Recém- licenciados já devem 1,4 milhões de euros aos bancos

Recém- licenciados já devem 1,4 milhões de euros aos bancos Para alguns é a única forma de financiarem o curso.

Financiamentos totais ascendem aos 180 milhões de euros.

“Há pessoas que dizem que a universidade não é para todos. Eu meti na cabeça que era.” Por isso, para ir estudar para Lisboa, a madeirense Andreia Jesus pediu um empréstimo ao banco. Vinte e cinco mil euros que terá de começar a pagar quando acabar o curso. Consciente de que Antropologia não é uma área fácil para arranjar emprego, confessa- se “assustada”. Ainda mais porque tem o exemplo da prima, que continua desempregada, dois anos depois de terminar a licenciatura, e que teve de pedir ajuda à mãe para não falhar as prestações. Mas há jovens – e famílias – que já não conseguem pagar. Serão perto de duas centenas e devem 1,4 milhões de euros à banca.

 
Os dados são da Sociedade Portuguesa de Garantia Mútua ( SPGM), que gere o sistema que permite aos estudantes pedirem empréstimos aos bancos tendo o Estado como fiador – e com uma taxa de juro reduzida. Desde que esta linha foi lançada, no ano letivo 2007/ 2008, já houve quase 16 mil alunos a pedir crédito, recebendo um total que ronda os 180 milhões.

Como este sistema requer que os estudantes comecem a pagar 12 meses após acabarem o curso, as dificuldades notam- se sobretudo nos “pioneiros”, os que fizeram empréstimos no primeiro ano: a taxa de incumprimento era de 2,2% em novembro e subiu para 2,4% em dezembro. Entre os que pediram crédito no ano letivo 2008/ 09, passou o 1% no final do ano. “Só agora é que os primeiros acabaram os cursos e estão a começar a amortizar as dívidas. O incumprimento não é dramático, mas está a crescer muito”, diz o presidente da SPGM, José Fernando Figueiredo.
Com um em cada três jovens com menos de 25 anos no desemprego, nem os licenciados escapam à crise – há mais de 40 mil inscritos nos centros de emprego.
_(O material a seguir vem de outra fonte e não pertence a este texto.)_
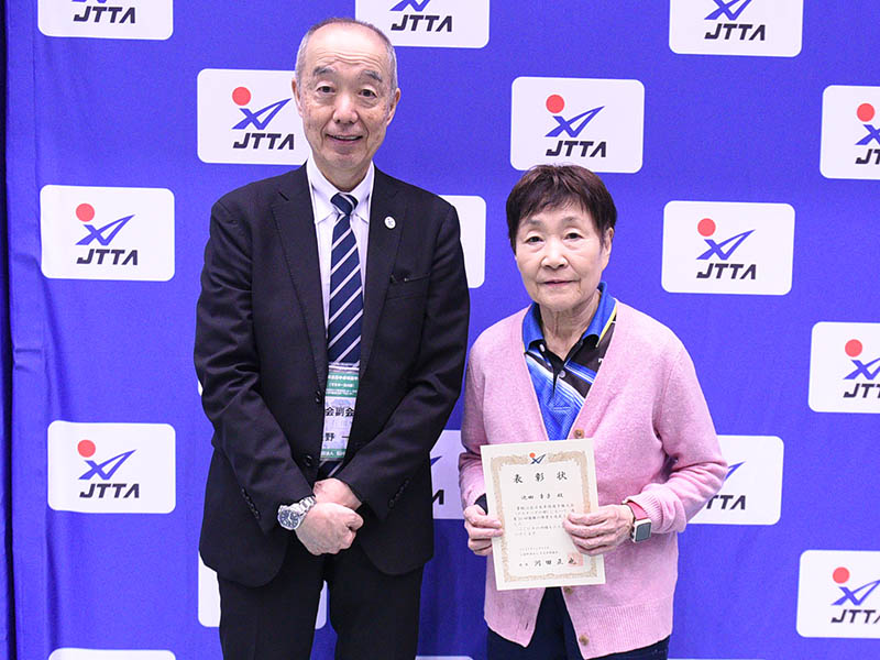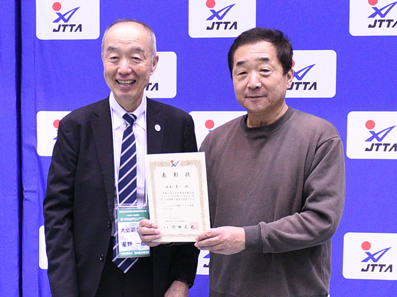 全日本マスターズ通算20回優勝の表彰を受けた坂本憲一選手(右/COLOR・神奈川)。左はプレゼンターの日本卓球協会副会長の星野一朗氏

Assim, a lógica deste sistema fica ameaçada, já que muitos estudantes não conseguem entrar no mercado de trabalho logo após concluírem o curso. Nestes casos, ou pedem dinheiro aos pais ou pedem a reestruturação da dívida. “Ainda ontem tratámos da reestruturação da dívida de um estudante. Não sendo um drama, é um problema que vamos ter de acompanhar”, reconhece o responsável. Na pior das hipóteses, os incumpridores vão parar à lista de devedores do Banco de Portugal.

Os empréstimos têm um teto de 25 mil euros, mas os alunos pedem em média 11 600. Segundo um inquérito realizado pelo ISCTE – Instituto Universitário de Lisboa, a pedido da SPGM, o dinheiro serve para cobrir um conjunto de despesas básicas: principalmente as propinas, mas também transportes, alimentação, alojamentos, compra de computadores. Quase metade dos alunos que pediram dinheiro estavam deslocados de casa. Cerca de um terço, além do empréstimo com garantia mútua, conta também com o apoio dos serviços da ação social.

É o caso de Andreia. Mas os 300 euros de bolsa estão longe de chegar para se manter na capital ( ver texto ao lado). Daí muitas associações de estudantes terem criticado este sistema, por considerarem que está a substituir a ação social. Outros reconhecem a sua importância. “Estes empréstimos são muito importantes para alguns estudantes, sobretudo porque estamos a assistir a um corte nas bolsas”, diz Filipe Pacheco, presidente da Associação dos Estudantes do Instituto Superior Técnico. Aliás, este ano, quase dez mil perderam a bolsa. Sucedem- se também relatos de dificuldades e até de fome entre os universitários. “Não sendo a solução mais fantástica, não tenho dúvidas de que é um instrumento muitíssimo importante”, considera José Fernando Figueiredo

 
Para Ricardo Ferreira, que fez um empréstimo há três anos, a solução era optar por um modelo mais parecido com o de outros países, onde os estudantes só precisam de começar a pagar depois de terem emprego.